*** Recorded data ***

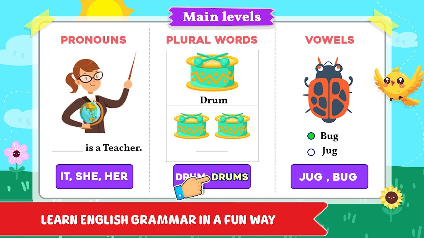 मज़ेदार प्रश्नोत्तरी और परीक्षणों के साथ अपने अंग्रेजी व्याकरण कौशल का परीक्षण करें। सभी उम्र के लिए बिल्कुल सही.
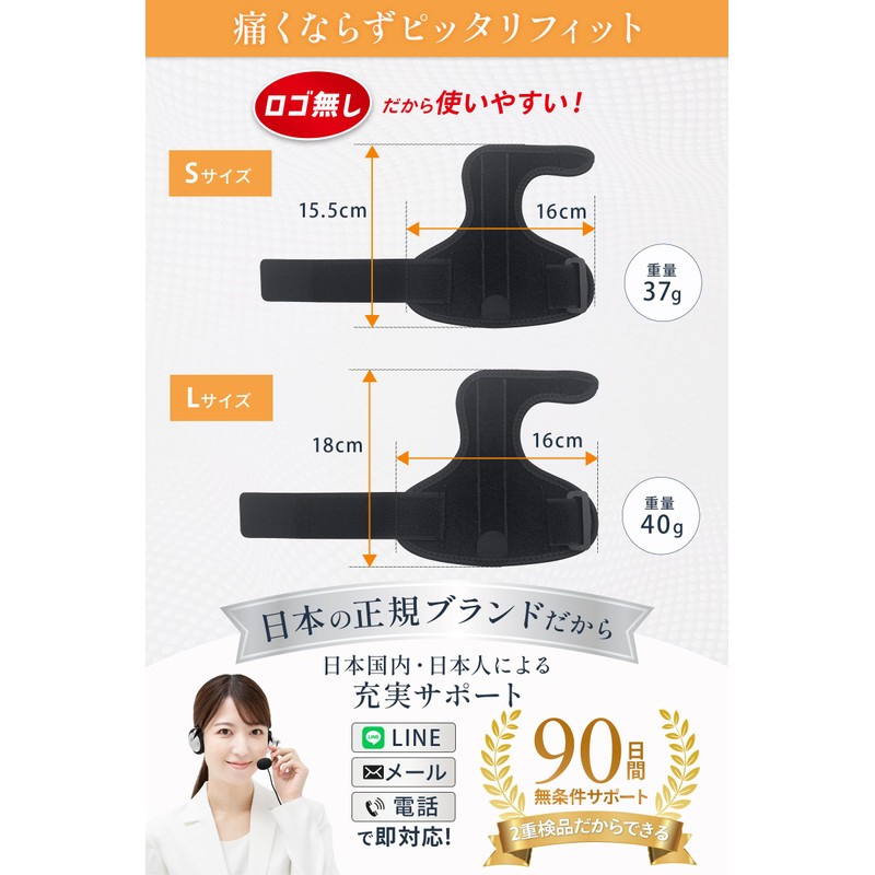 - 【2サイズ展開】左右兼用のSサイズとLサイズ展開で、大人から子どもまで老若男女どんな親指も確実に固定します。
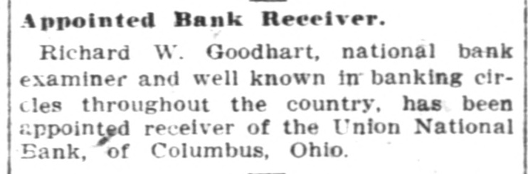 Appointed Bank Receiver. Richard W. Goodhart, national bank examiner and well known in banking circles throughout the country, has been appointed receiver of the Union National Bank, of Columbus, Ohio.

*** End of Recorded data ***

An exact, image-free transcript of the material is required.

 मज़ेदार प्रश्नोत्तरी और परीक्षणों के साथ अपने अंग्रेजी व्याकरण कौशल का परीक्षण करें। सभी उम्र के लिए बिल्कुल सही.
 - 【2サイズ展開】左右兼用のSサイズとLサイズ展開で、大人から子どもまで老若男女どんな親指も確実に固定します。
 Appointed Bank Receiver. Richard W. Goodhart, national bank examiner and well known in banking circles throughout the country, has been appointed receiver of the Union National Bank, of Columbus, Ohio.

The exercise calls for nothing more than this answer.